In principle the results of the tests should not depend on the FFT library unless there's a serious portability problem either in the external library or in the internal version.
(on our test farm we systematically test FFTW3, MKL-DFTI and the internal FFT Fortran routines).
Can you run:
runtests.py unitary
to execute the unit tests for the different FFT interfaces?

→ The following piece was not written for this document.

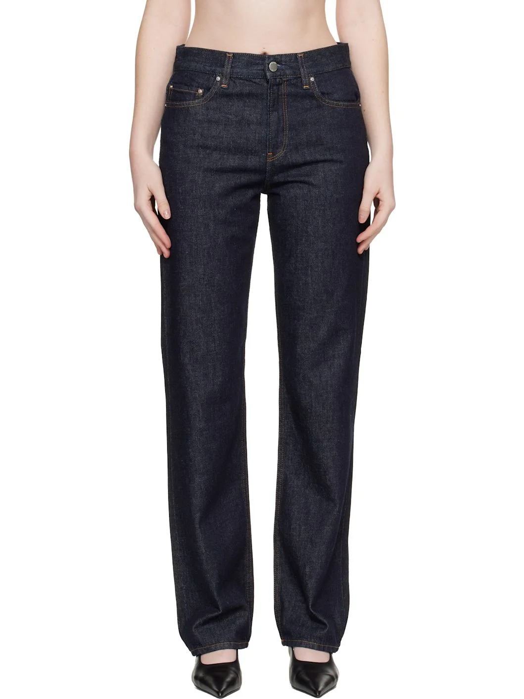 Non-stretch organic cotton denim jeans. · Straight-leg · Mid-to-low rise · Belt loops · Five-pocket styling · Zip fly · Leather logo patch at back waistband · Contrast stitching in tan Part of the Garderob collection. Supplier color: Rinsed Blue 100% organic cotton. Made in Italy 261771F069002

If these tests are OK, I would say that fftalg 112 works as expected and the origin of the problem should be found somewhere else.
Note that Abinit v9 significantly differs from v8 both at the level of the build systems as well as the level of the internal implementation.
I had a look at the log file for mips64el and I didn't spot any significant configuration problem. We also have a buildbot worker that tests gnu 10.2
I have to backtrack here; I've tried abinit-8.10.3 with the same toolchain (Debian unstable), and tests fail there on MIPS already (that was fine back in September, see https://buildd.debian.org/status/fetch.php?pkg=abinit&arch=mips64el&ver=8.10.3-3&stamp=1601210217&raw=0)
So it seems something in newer compilers (gfortran-10.2?) etc. Will have to dig deeper.